Maris describes the fact Zoom has become synonymous with remote meetings as “a blessing and a curse”. “Everybody knows us, but everybody knows us for meetings,” he says. “We’re launching many new products for the hybrid world but making the transition to a full communications platform is a lot of work.”

In order to change public perception, Zoom will be shifting from its current focus on selling a single product to promoting Zoom’s full platform. 

It’s both a blessing and a curse that everyone knows Zoom for meetings

“Making that transition from a single-product company to something that will hopefully be a lot bigger, requires you to develop that market and build your strategy.

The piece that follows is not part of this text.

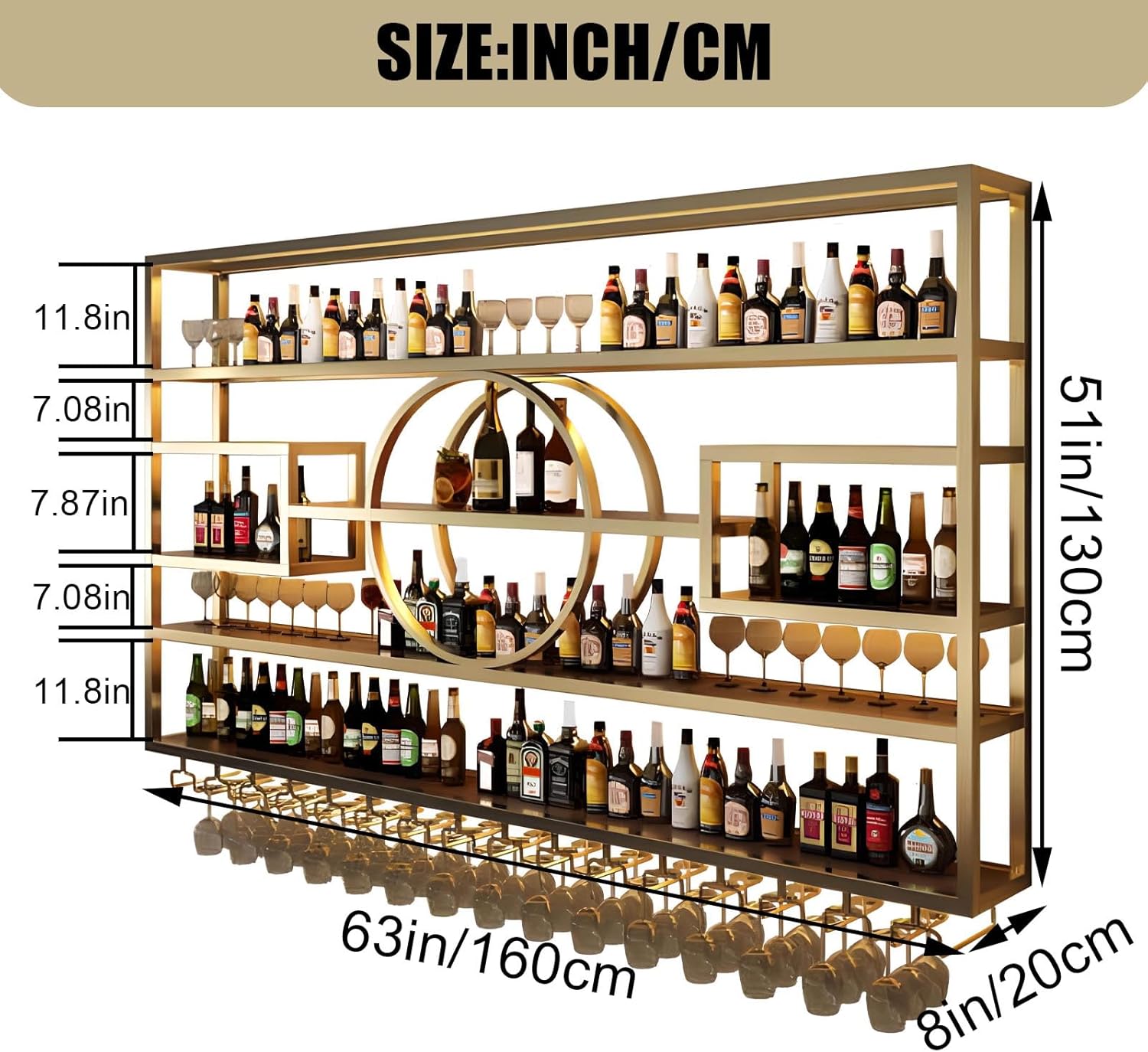 63in Wall Mounted Wine Rack, Modern Metal Wine Bottle and Glass Holder, Iron Display Stand Decorative Wine Rack, for Bar Living Room Dining Room Background (Gold, 63 * 8 * 51INCHES)

That’s part of the fun,” Maris says. “It’s the same problem a startup faces – you’ve got a cool product but nobody knows about it yet.”

Among the new features Zoom is looking to promote are its business phone product Zoom Phone; Zoom IQ, a conversational AI solution for salespeople; and Workvivo, an employee engagement platform, which Zoom acquired in April this year. “We really want to become that platform for limitless collaboration,” Maris says. 

Maris acknowledges that the transition will be challenging – “this is probably the most difficult phase from a growth perspective,” he adds. However, the business is relying on finding new areas for growth in order to avoid a repeat of the layoffs it announced at the start of 2023, when 15% of its total workforce was cut.

Despite the company’s growth remaining relatively flat this year, Maris is confident Zoom won’t have to enforce further redundancies any time soon. He says: “If we can find growth again, then we’ll have succeeded in our goals. If that happens, we will need all hands on deck – and a lot more people as well.”